>>122169357No, the entire fight was Solomon making a point and truth about the world and White Chain calling him a fag. It's very possible that both of them can be right.
Solomon says the law of kings is survival of the fittest - about those who want can forge the world to their liking, this happens to be true because your will is king. Furthermore, we are given absolutely zero evidence that what Solomon wills isn't terrible because we know that Rayuba isn't terrible. You can talk about about Incubus' realm, Mottom's worlds, but you can't give the "you're a tyrant" lecture to Solomon or even Mammon for that matter. Mammon did fucking nothing and a peaceful society formed around him, that in of itself was a miracle given that every single motherfucker who participates in that society was at one point a thieving murderous cunt - the people of Mammon's world found a fucking escape from the tyranny of the wheel.
Solomon's will is to impose order to the chaos, White Chain, as arguably the premier defender of the law ever comes off as a fucking idiot for not respecting that. How the fuck does White Chain watch Throne go rotten for thousands of years following Universal War and dare accuse Solomon for being the worst offender. Solomon is the only one of the fucking Seven who actually put some elbow grease into creating the peace the angels want - Zoss leading; or in this new case, Zaid leading.

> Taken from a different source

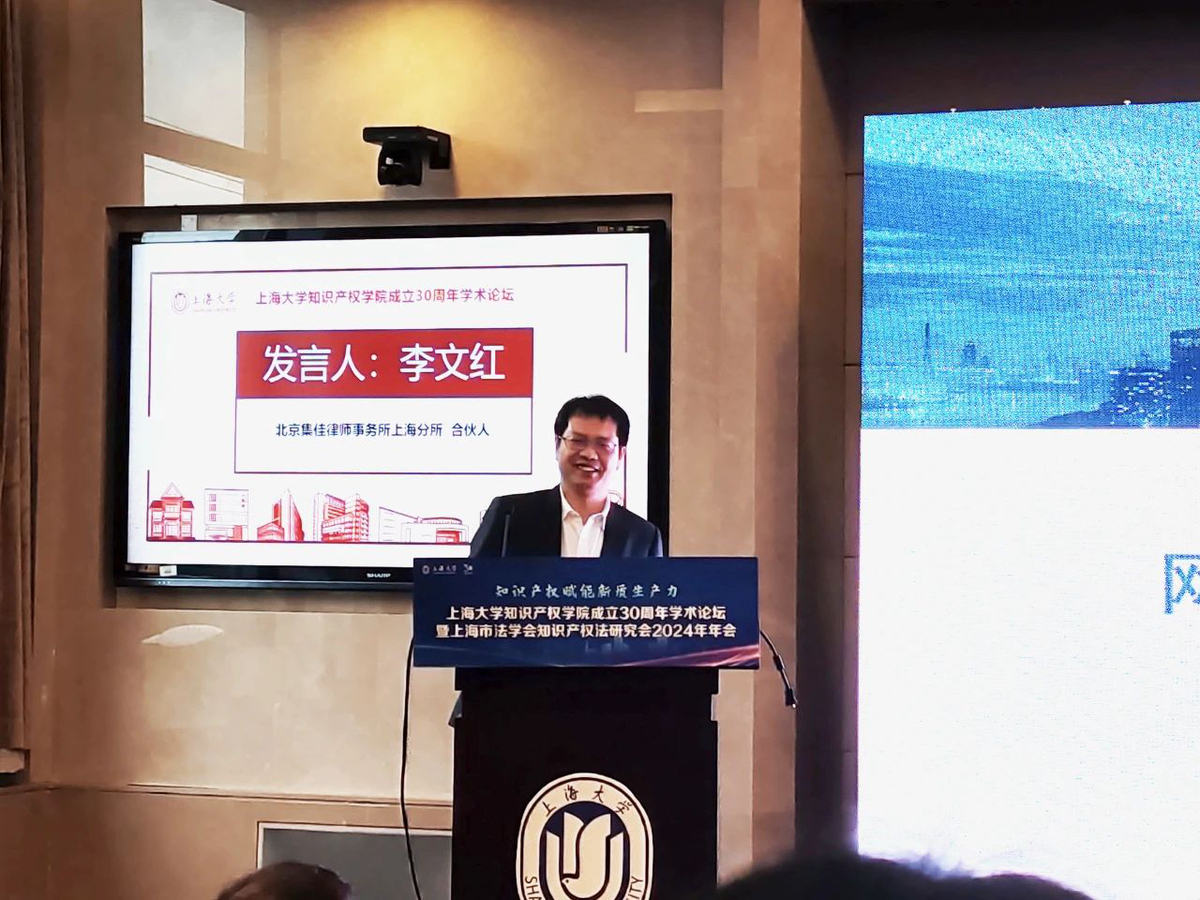 雨燕直播上海分所主任、高级知识产权师李文红博士应邀出席大会,并在“释放知识产权价值 赋能新质生产力”分论坛上发表演讲,与来自众多高校的专家学者和业界代表共同就知识产权价值的释放与赋能新质生产力的路径进行了深入探讨。
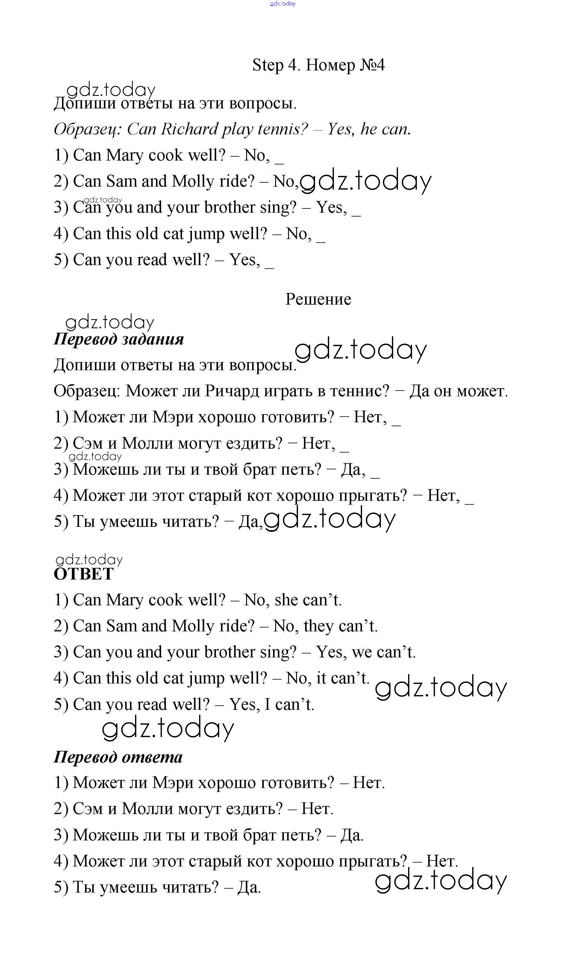 Ответы к Решение к Unit 4 (Step) Step 4 Рабочей тетради по Английскому языку для 3 класса Афанасьева, Михеева Дрофа Rainbow 2015

What White Chain doesn't understand here is this stupid fucking tournament serves an alternate purpose, it is to reaffirm that the Emperor is in fact a God every hundred years. In the Grand Inquisitor of The Brothers Karamazov, the leader of the Spanish Inquisition tells Jesus - "Hey Jesus, yunno when the devil baited you into proving you were the godhead by throwing yourself from the building and letting the angels catch you and you didn't - well, you fucked up, because we really could've used that affirmation you were real and avoided this whole inquisition business".